その数週間後、彼は爽快感を感じながら仕事場へと向かった。
(どうやら、山部さんは活動を自粛したらしい)
天気は快晴で、秋の気持ちの良い空気を満身に浴びて、稲刈りに取り掛かった。
(ここがヤマだ、あともう一踏ん張り)
彼はいつもより帰りが遅くなった。陽は短くなっており、どんよりとした重量感のある空気が漂っていた。
(季節は過ぎるのが早いものだなあ)
家路を急いで軽トラをいつもより飛ばす。
自宅に着くと、盆栽弄りを始めた。
(こんな日は趣味に浸ることに限るものだ)
彼がマツの木に囚われてると、庭の奥の方から妖しげな動物の悲鳴が聞こえてきた。好奇心により、彼の足はその真っ暗闇へと引っ張られていた。
(ん?何だあれは!)
そこには、今まで目にも付かなかった小さな小屋がひっそりと佇んでいた。
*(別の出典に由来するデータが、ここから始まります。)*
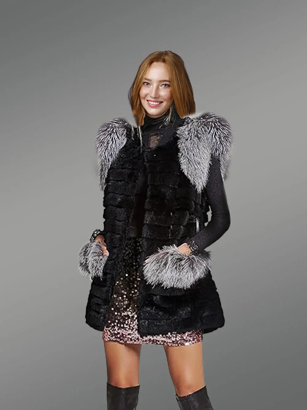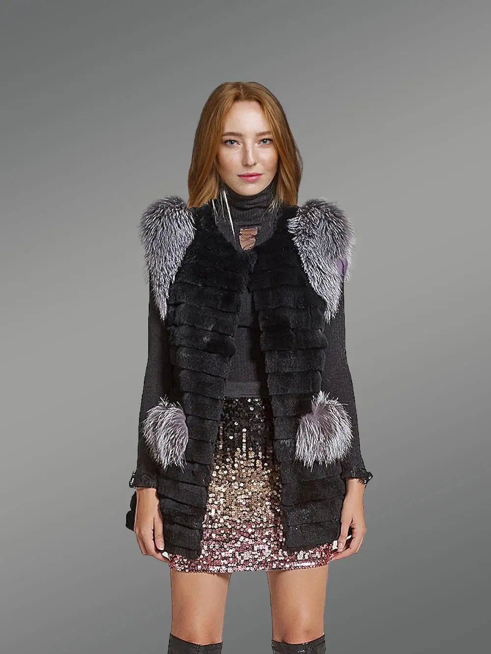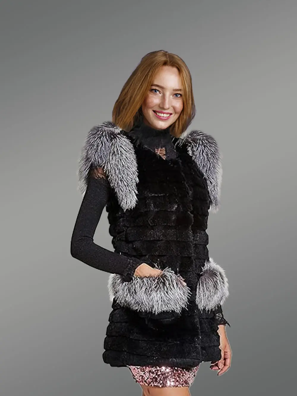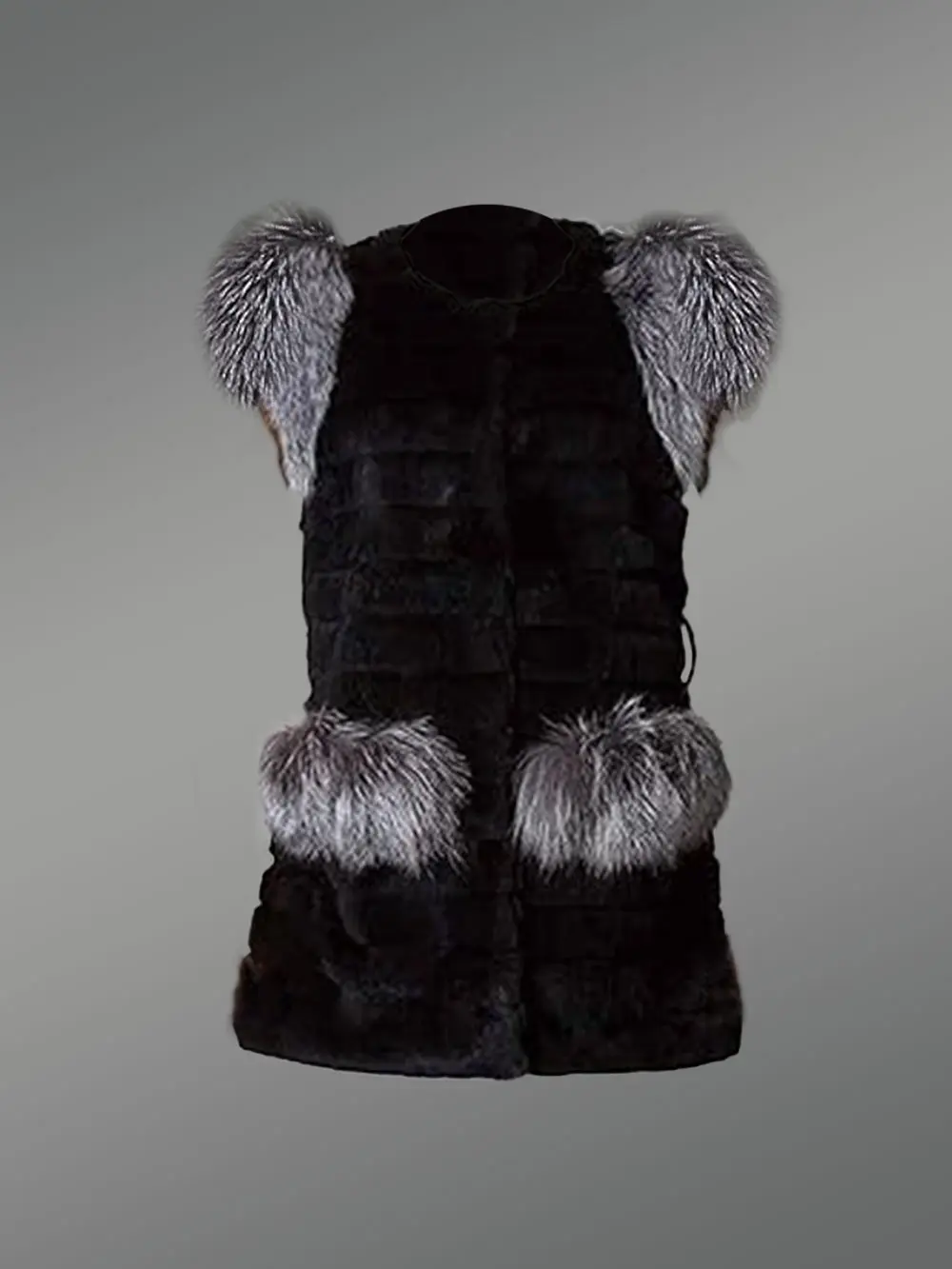 The unique aesthetic appeal of this vest results from the harmonious combination of rabbit fur and fox fur. The grayish silver color of the fur from Silver fox looks appealing in contrast to the black rabbit fur. The pelts of fox fur accessorize this outfit and add to its glamour. At the same time, they offer more warmth to a wearer.

そおっと近づき、扉の隙間から中を覗く。そして、その荒屋の中へ足を踏み込んだ刹那、彼は絶句した。そこに広がっていたのは、町という町の動物が放り込まれていた。そして、その深奥には、なんと妻と山部が行為に及んでいたのだ!それは、妻が実行犯となりその動物達を山部に渡すことにより関係を保ち続けていたのだ。
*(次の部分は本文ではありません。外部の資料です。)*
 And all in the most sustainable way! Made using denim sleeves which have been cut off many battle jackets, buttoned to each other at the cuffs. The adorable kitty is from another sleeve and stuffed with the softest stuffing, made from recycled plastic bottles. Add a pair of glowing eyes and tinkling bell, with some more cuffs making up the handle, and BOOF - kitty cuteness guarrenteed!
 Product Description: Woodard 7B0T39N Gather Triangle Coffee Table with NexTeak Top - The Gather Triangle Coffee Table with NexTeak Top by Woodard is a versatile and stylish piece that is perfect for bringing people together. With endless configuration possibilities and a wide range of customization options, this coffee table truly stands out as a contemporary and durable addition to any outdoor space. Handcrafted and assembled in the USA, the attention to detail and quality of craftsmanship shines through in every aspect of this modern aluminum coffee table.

(そうだ!夜の鳴き声は動物を剥製にするために一匹づつ殺していたものだったのか!)彼はまだ、気付かれていないらしく、二人は互いに肉慾と情欲とを満たしあって、妻は咆哮していた。その空間は何時までも続くようだった......
次の日、二人は町から姿を消した。